* [About this task]
Nothing but the lines below from the one that contains "Щетка дисковая для" through the one that contains "图源:博主@奇薇 摄于汶水路" should be retyped, exactly and including both ends. Do not include pictures.

* [Records for the task]

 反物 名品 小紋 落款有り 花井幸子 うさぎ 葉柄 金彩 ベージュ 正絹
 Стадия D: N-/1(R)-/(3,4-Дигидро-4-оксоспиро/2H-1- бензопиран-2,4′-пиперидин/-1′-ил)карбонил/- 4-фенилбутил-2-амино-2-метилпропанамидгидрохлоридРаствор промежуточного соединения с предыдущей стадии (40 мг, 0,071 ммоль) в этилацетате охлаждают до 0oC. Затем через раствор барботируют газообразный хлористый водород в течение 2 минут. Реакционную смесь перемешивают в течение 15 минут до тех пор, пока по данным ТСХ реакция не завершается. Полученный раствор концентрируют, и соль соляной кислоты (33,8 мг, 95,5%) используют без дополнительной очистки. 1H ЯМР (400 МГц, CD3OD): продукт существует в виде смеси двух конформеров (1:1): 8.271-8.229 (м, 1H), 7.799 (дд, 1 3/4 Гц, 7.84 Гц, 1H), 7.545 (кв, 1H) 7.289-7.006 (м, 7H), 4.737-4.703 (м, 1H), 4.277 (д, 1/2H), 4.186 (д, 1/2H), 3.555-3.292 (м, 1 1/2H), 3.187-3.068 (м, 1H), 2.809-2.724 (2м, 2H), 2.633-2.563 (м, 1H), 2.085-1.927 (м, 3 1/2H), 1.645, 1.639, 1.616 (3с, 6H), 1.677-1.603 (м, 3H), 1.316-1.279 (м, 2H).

---

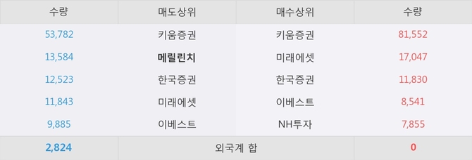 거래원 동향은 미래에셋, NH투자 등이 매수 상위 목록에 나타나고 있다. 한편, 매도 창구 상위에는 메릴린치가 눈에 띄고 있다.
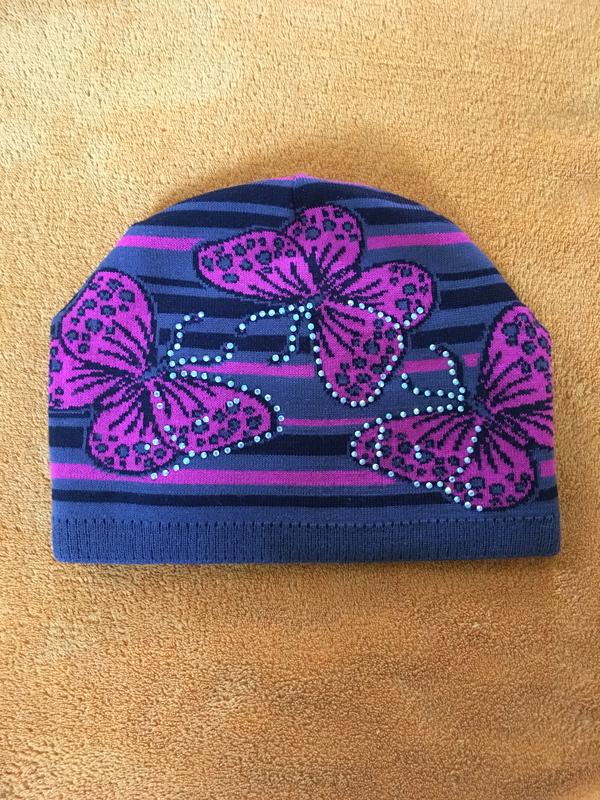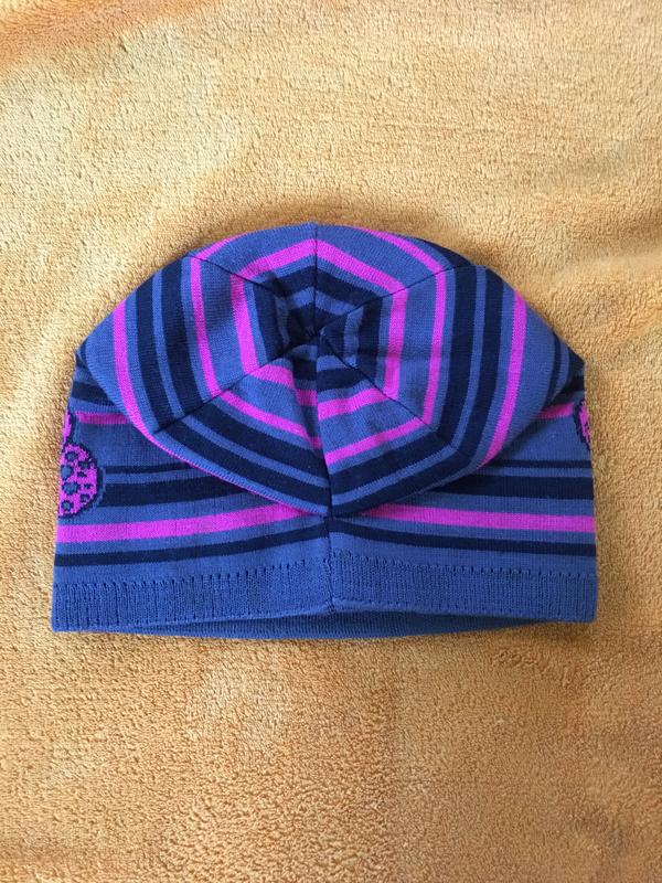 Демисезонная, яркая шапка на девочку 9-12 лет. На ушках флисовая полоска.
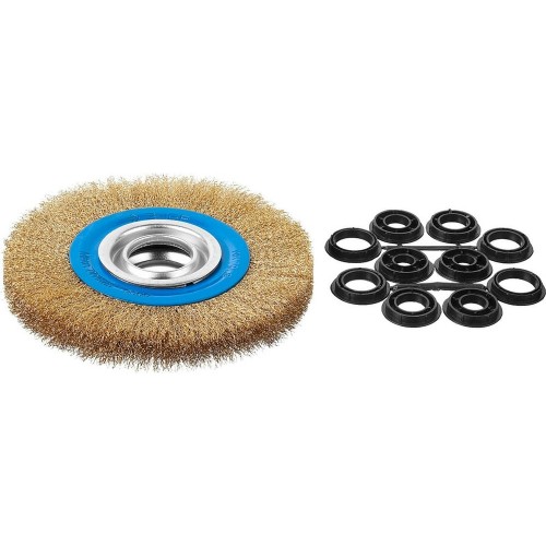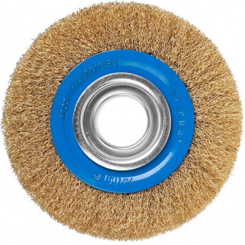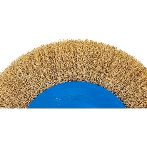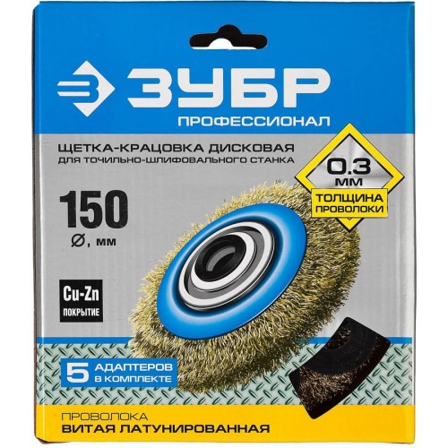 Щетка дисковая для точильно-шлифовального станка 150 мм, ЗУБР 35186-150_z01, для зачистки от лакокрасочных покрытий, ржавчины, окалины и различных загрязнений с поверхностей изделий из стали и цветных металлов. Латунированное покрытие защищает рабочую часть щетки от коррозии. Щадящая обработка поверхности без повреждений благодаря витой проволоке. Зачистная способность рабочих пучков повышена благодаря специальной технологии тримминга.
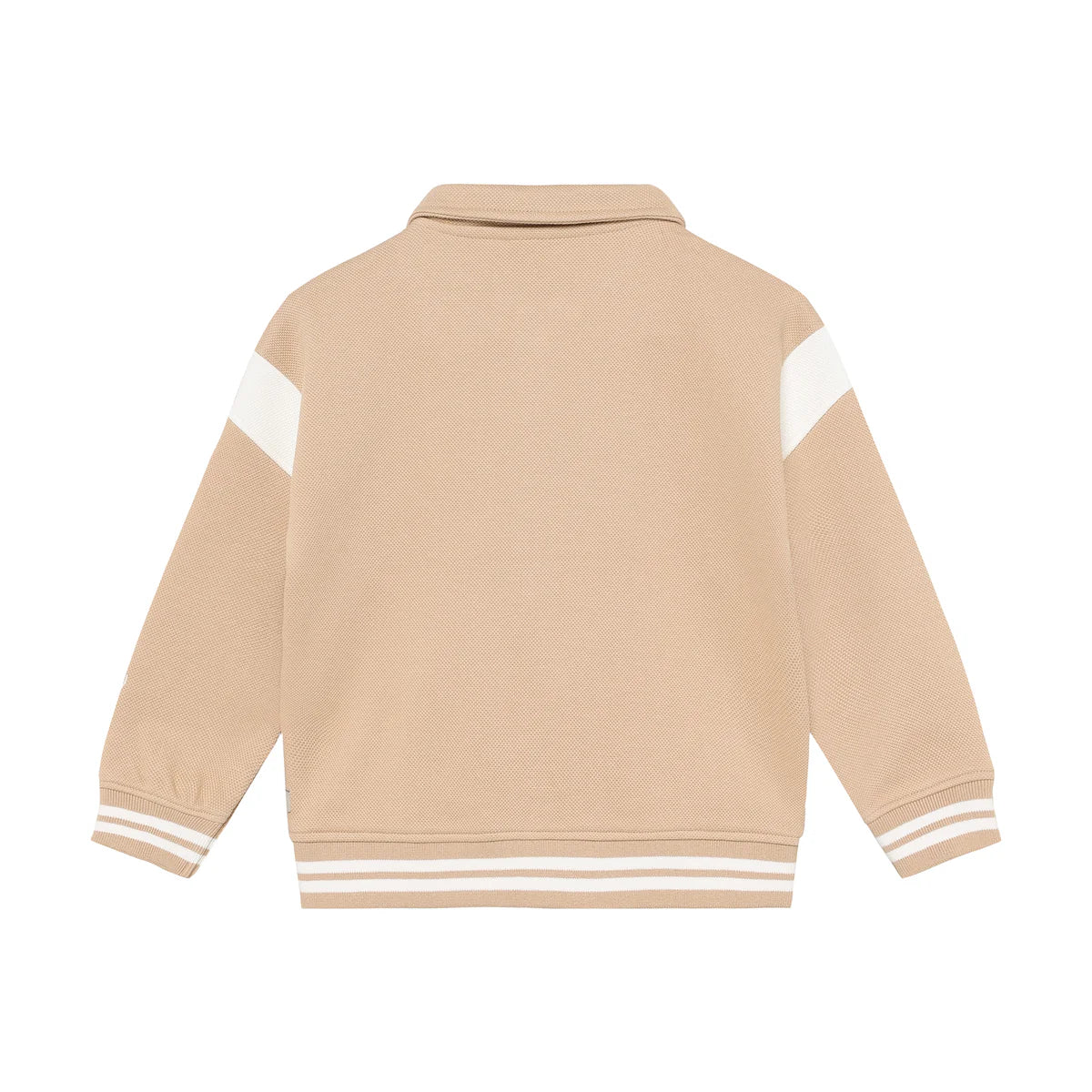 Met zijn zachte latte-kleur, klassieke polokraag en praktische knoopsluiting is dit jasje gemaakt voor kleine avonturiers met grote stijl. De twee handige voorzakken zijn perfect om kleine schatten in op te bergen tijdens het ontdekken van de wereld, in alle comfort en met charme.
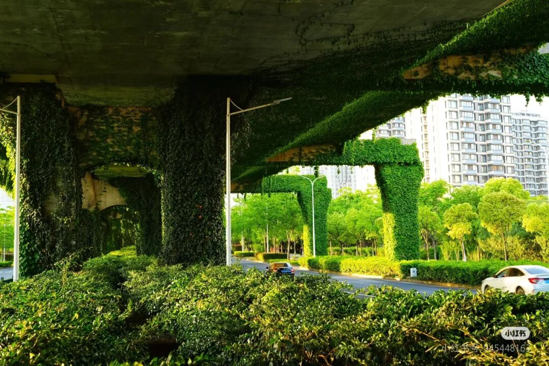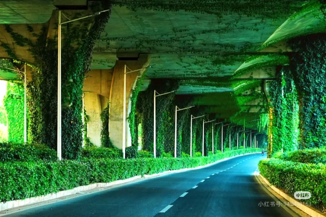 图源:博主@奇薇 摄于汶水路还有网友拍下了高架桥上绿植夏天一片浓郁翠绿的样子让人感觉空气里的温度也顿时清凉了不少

* [Task solution]
 Щетка дисковая для точильно-шлифовального станка 150 мм, ЗУБР 35186-150_z01, для зачистки от лакокрасочных покрытий, ржавчины, окалины и различных загрязнений с поверхностей изделий из стали и цветных металлов. Латунированное покрытие защищает рабочую часть щетки от коррозии. Щадящая обработка поверхности без повреждений благодаря витой проволоке. Зачистная способность рабочих пучков повышена благодаря специальной технологии тримминга.
 Met zijn zachte latte-kleur, klassieke polokraag en praktische knoopsluiting is dit jasje gemaakt voor kleine avonturiers met grote stijl. De twee handige voorzakken zijn perfect om kleine schatten in op te bergen tijdens het ontdekken van de wereld, in alle comfort en met charme.
 图源:博主@奇薇 摄于汶水路还有网友拍下了高架桥上绿植夏天一片浓郁翠绿的样子让人感觉空气里的温度也顿时清凉了不少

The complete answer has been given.